**TASK STATEMENT**.
When copying the records below, keep every word as it is and drop the images.

DATA LISTING: Begin

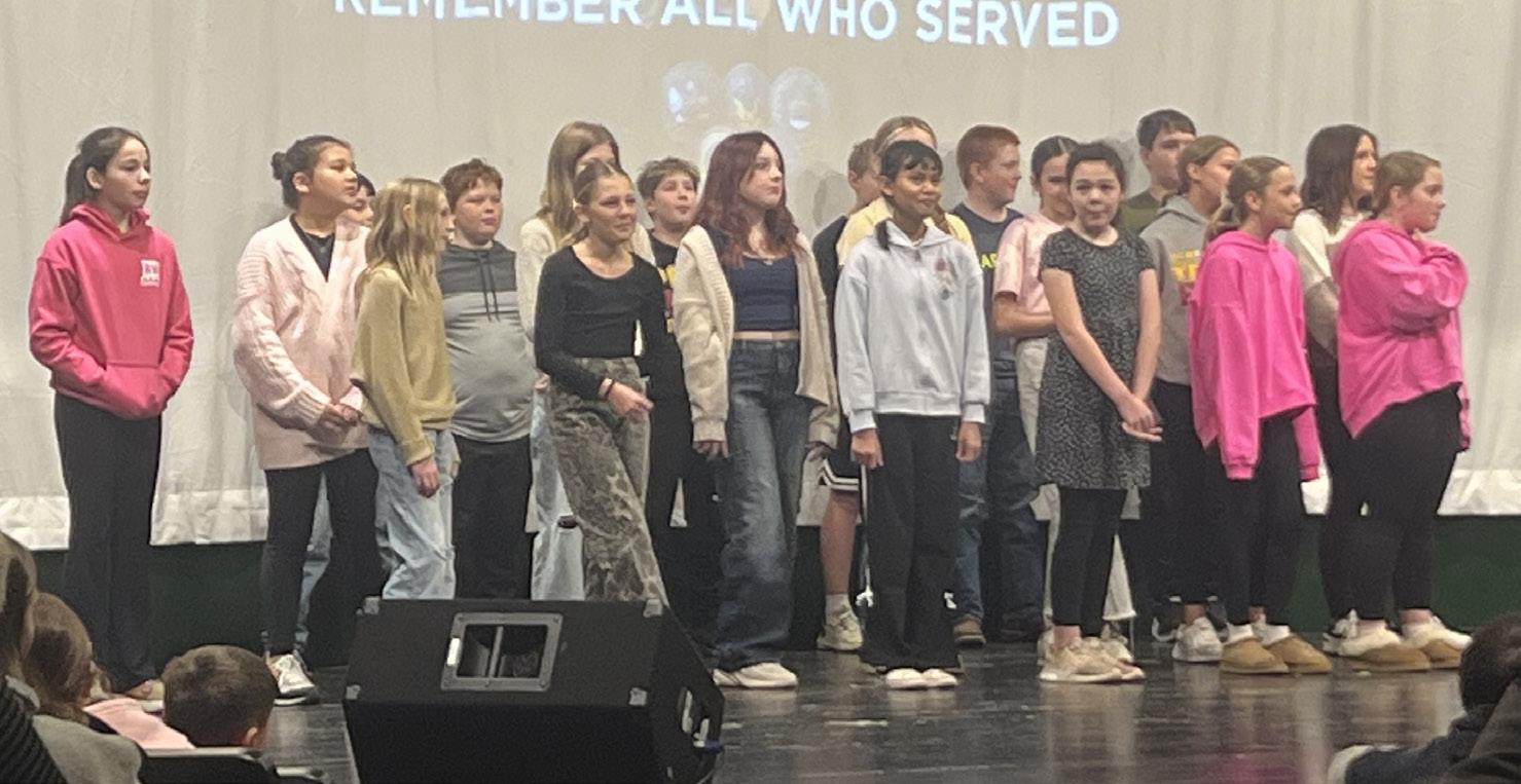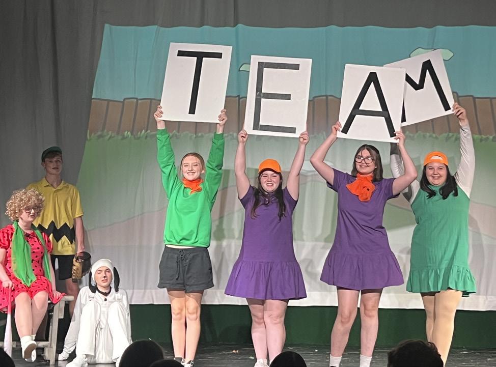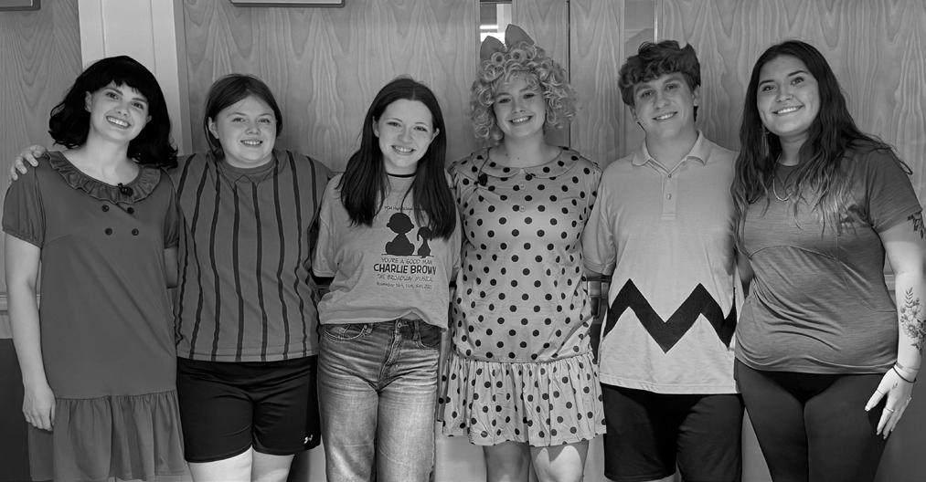 Seniorsfromlefttoright:PiperClark,KeiraStone,AddisonBeener,EmilynDavis, CarterDudley,andKeelySpencerstandtogetheronFriday,Nov.14,theiropening nightfortheperformance,“You’reAGoodMan,CharlieBrown”.PhotobyE.Greaves.
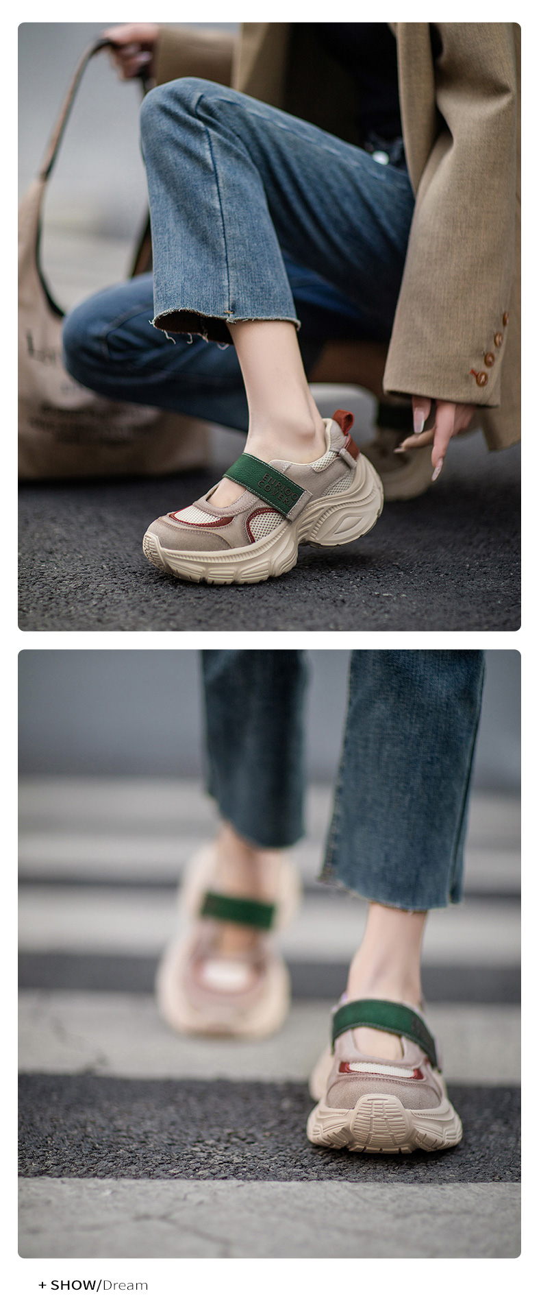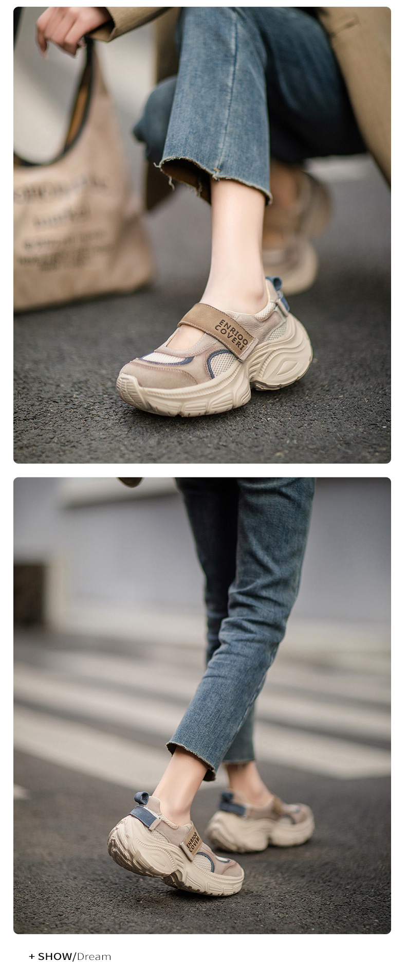 Jiezhou Summer Mesh Breathable Casual Women's Sandals Thick-Soled Genuine Leather Dad Shoes Retro Hollow Mary Jane Women's Shoes
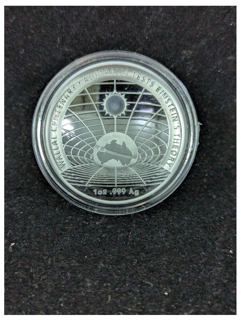 ROYAL AUSTRALIAN MINT 2022 WALLAL CENTENARY TESTS EINSTEIN'S THEORY SPECIAL 1OZ DOMED SILVER COIN.
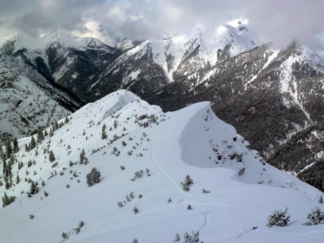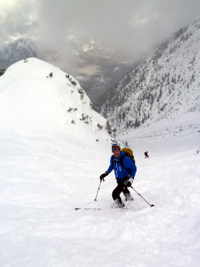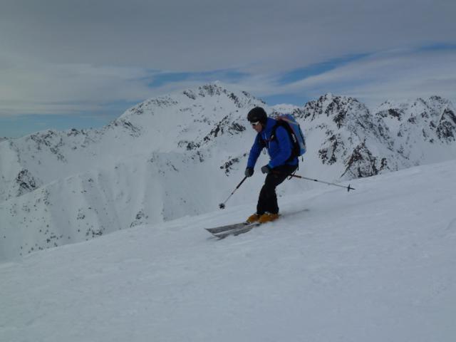Tourenverhältnisse: Aufstieg auf der Normalroute (vgl. http://www.tourentipp.de/de/to…renkopf-Skitour_1522.html) zum Gipfel. Abfahrt zur Weißenbachalm, wieder rauf zum Bärenkopf, Talabfahrt nun nicht auf der Anstiegsroute, sondern nach Sprung über die Wechte oberhalb der Gratschulter in eine nordseitige Steilrinne hinein - tolles Kar, nur wenig Spuren drin. Nordseitig Pulver auf stabiler Unterlage, unten im finalen Kar auch Lawinenboller (aber schon wieder gut zugeschneit), südseitig mehr Sulz (teils tief) als Firn, westseitig Harschdeckel.
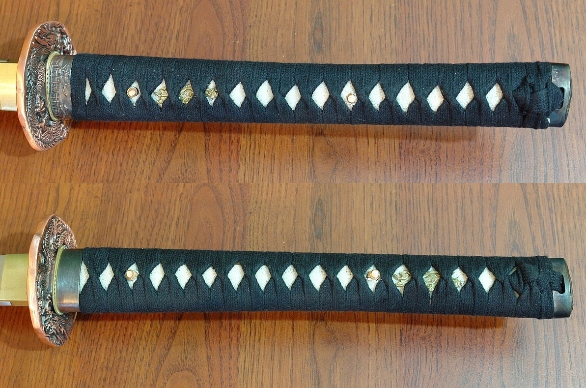 - ручка (цука) деревянная, покрытая натуральными кожаными лучами (Sam-gawa), черная хлопковая оплетка, тяжело вытянутая. порезы.
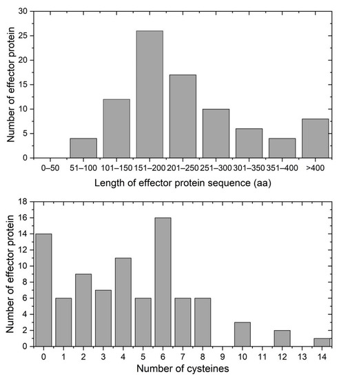 Analysis of amino acid sequences revealed that 79.3% (69 sequences) of P. xanthii. effector proteins were less than 300 aa in length (Figure 4), which is a common feature of effector proteins [41]. In addition, statistical analysis showed that 84 (96.5%) of the putative effector proteins contained 10 or fewer cysteines. Notably, 14 putative effector proteins lacked cysteines entirely, which included 11 cytoplasmic effectors, 2 apoplastic effectors, and 1 apoplastic/cytoplasmic effector (Figure 4). Cysteine content is typically applied to identify candidate apoplastic effectors, as high number of cysteines present in fungi likely form the disulfide bonds that appear to enhance effector stability in the apoplastic environment [42]. However, Huang et al. [43] found an apoplastic effector protein Fs05897 in Fusarium sacchari lacking cysteines entirely also showed the ability to induce plant cell death. Thus, the number of cysteines cannot be used as the sole criterion by which to identify effectors from fungal secretomes.
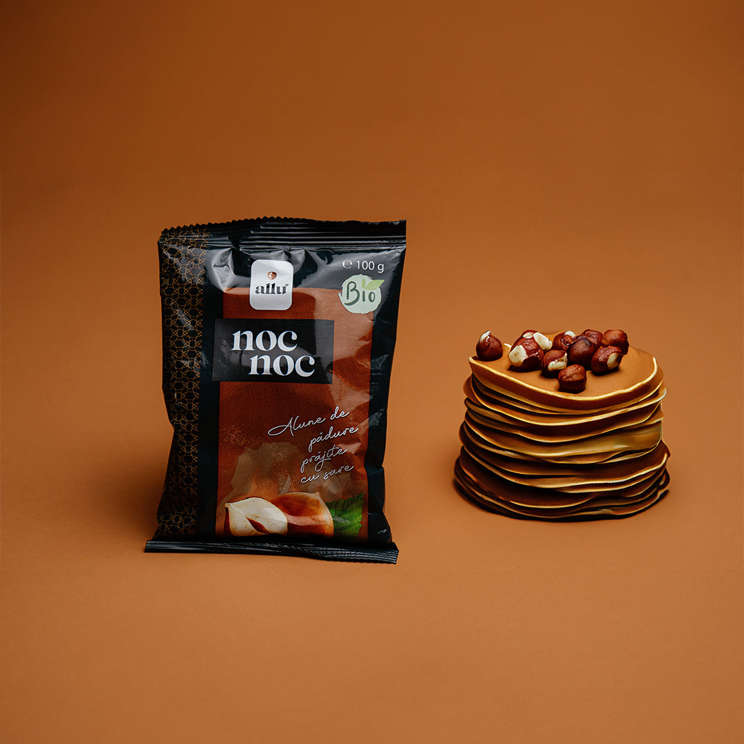 Sărbătorește esența pură a naturii, cu Noc Noc - alune de pădure prăjite cu sare ce reprezintă o experiență gustativă distinctă, punctată de armonia dintre savoarea alunelor și sarea perfect dozată. Pregătite cu atenție din alune de pădure ecologice, aceste delicii crocante sunt prăjite la perfecțiune. Apoi, pentru a echilibra gustul și a amplifica caracterul lor autentic, alunele sunt presărate cu sare. Guma arabică obținută din salcâmi africani conferă o textură fină și asigură conservarea optimă a alunelor. Acest produs reprezintă un răsfăț gustativ ce evocă simplitatea și puritatea naturii.

DATA LISTING: End

**WRITTEN RESPONSE**.
 Seniorsfromlefttoright:PiperClark,KeiraStone,AddisonBeener,EmilynDavis, CarterDudley,andKeelySpencerstandtogetheronFriday,Nov.14,theiropening nightfortheperformance,“You’reAGoodMan,CharlieBrown”.PhotobyE.Greaves.
 Jiezhou Summer Mesh Breathable Casual Women's Sandals Thick-Soled Genuine Leather Dad Shoes Retro Hollow Mary Jane Women's Shoes
 ROYAL AUSTRALIAN MINT 2022 WALLAL CENTENARY TESTS EINSTEIN'S THEORY SPECIAL 1OZ DOMED SILVER COIN.
Tourenverhältnisse: Aufstieg auf der Normalroute (vgl. http://www.tourentipp.de/de/to…renkopf-Skitour_1522.html) zum Gipfel. Abfahrt zur Weißenbachalm, wieder rauf zum Bärenkopf, Talabfahrt nun nicht auf der Anstiegsroute, sondern nach Sprung über die Wechte oberhalb der Gratschulter in eine nordseitige Steilrinne hinein - tolles Kar, nur wenig Spuren drin. Nordseitig Pulver auf stabiler Unterlage, unten im finalen Kar auch Lawinenboller (aber schon wieder gut zugeschneit), südseitig mehr Sulz (teils tief) als Firn, westseitig Harschdeckel.
 - ручка (цука) деревянная, покрытая натуральными кожаными лучами (Sam-gawa), черная хлопковая оплетка, тяжело вытянутая. порезы.
 Analysis of amino acid sequences revealed that 79.3% (69 sequences) of P. xanthii. effector proteins were less than 300 aa in length (Figure 4), which is a common feature of effector proteins [41]. In addition, statistical analysis showed that 84 (96.5%) of the putative effector proteins contained 10 or fewer cysteines. Notably, 14 putative effector proteins lacked cysteines entirely, which included 11 cytoplasmic effectors, 2 apoplastic effectors, and 1 apoplastic/cytoplasmic effector (Figure 4). Cysteine content is typically applied to identify candidate apoplastic effectors, as high number of cysteines present in fungi likely form the disulfide bonds that appear to enhance effector stability in the apoplastic environment [42]. However, Huang et al. [43] found an apoplastic effector protein Fs05897 in Fusarium sacchari lacking cysteines entirely also showed the ability to induce plant cell death. Thus, the number of cysteines cannot be used as the sole criterion by which to identify effectors from fungal secretomes.
 Sărbătorește esența pură a naturii, cu Noc Noc - alune de pădure prăjite cu sare ce reprezintă o experiență gustativă distinctă, punctată de armonia dintre savoarea alunelor și sarea perfect dozată. Pregătite cu atenție din alune de pădure ecologice, aceste delicii crocante sunt prăjite la perfecțiune. Apoi, pentru a echilibra gustul și a amplifica caracterul lor autentic, alunele sunt presărate cu sare. Guma arabică obținută din salcâmi africani conferă o textură fină și asigură conservarea optimă a alunelor. Acest produs reprezintă un răsfăț gustativ ce evocă simplitatea și puritatea naturii.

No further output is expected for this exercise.